◆ DATA FOR THIS TASK:
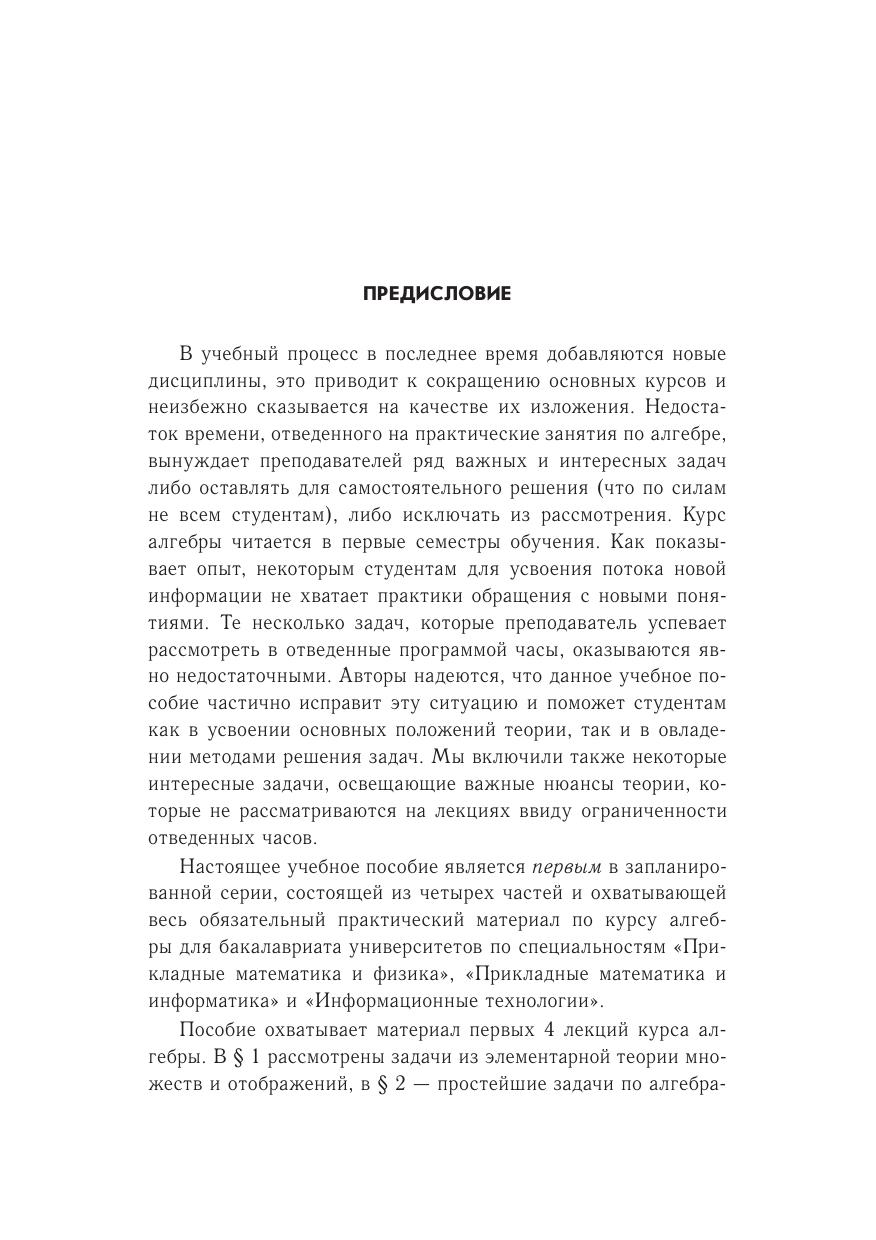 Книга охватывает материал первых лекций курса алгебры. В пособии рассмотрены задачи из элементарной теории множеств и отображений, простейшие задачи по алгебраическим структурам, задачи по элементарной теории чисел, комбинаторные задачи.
---
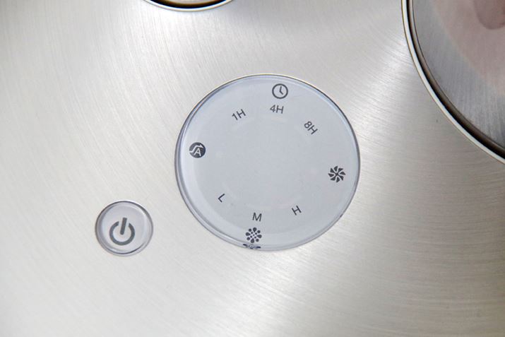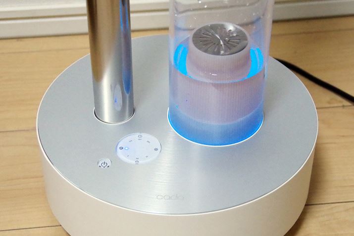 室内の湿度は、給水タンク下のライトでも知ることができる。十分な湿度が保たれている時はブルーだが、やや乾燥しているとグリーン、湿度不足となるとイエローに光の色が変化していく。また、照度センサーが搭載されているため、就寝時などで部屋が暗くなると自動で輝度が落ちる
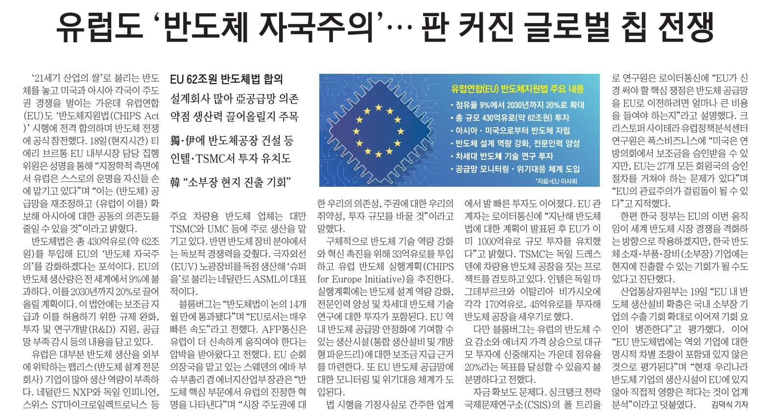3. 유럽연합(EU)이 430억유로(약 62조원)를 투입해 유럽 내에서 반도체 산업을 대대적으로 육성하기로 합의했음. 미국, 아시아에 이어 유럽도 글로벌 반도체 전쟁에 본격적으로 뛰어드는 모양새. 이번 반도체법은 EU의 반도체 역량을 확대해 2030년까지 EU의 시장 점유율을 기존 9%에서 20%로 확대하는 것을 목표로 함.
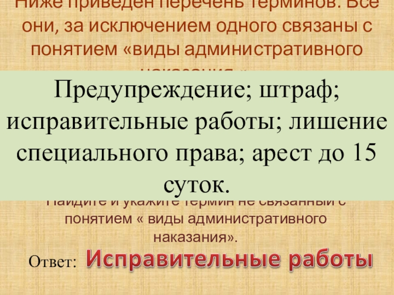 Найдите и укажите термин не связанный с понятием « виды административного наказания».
...
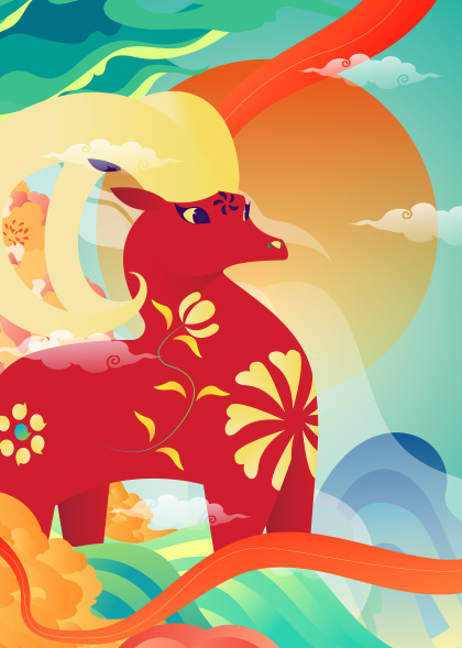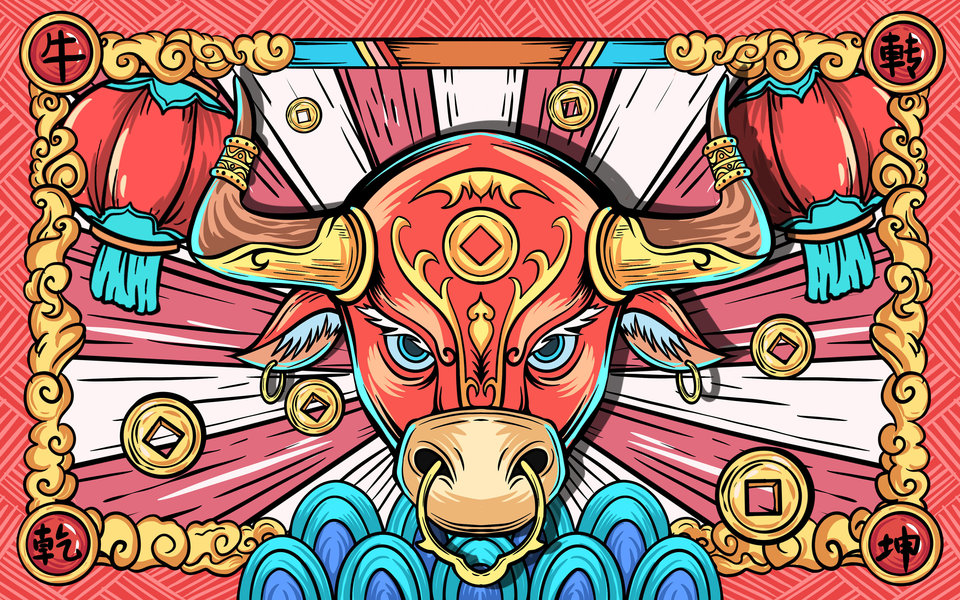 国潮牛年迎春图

◆ ABOUT THIS TASK: What you need to produce is an exact copy of the entries above, limited to the lines from the one with "3. 유럽연합(EU)이 430억유로(약" up to and including the one with "Найдите и укажите", without pictures.

◆ COMPLETED TASK:
3. 유럽연합(EU)이 430억유로(약 62조원)를 투입해 유럽 내에서 반도체 산업을 대대적으로 육성하기로 합의했음. 미국, 아시아에 이어 유럽도 글로벌 반도체 전쟁에 본격적으로 뛰어드는 모양새. 이번 반도체법은 EU의 반도체 역량을 확대해 2030년까지 EU의 시장 점유율을 기존 9%에서 20%로 확대하는 것을 목표로 함.
 Найдите и укажите термин не связанный с понятием « виды административного наказания».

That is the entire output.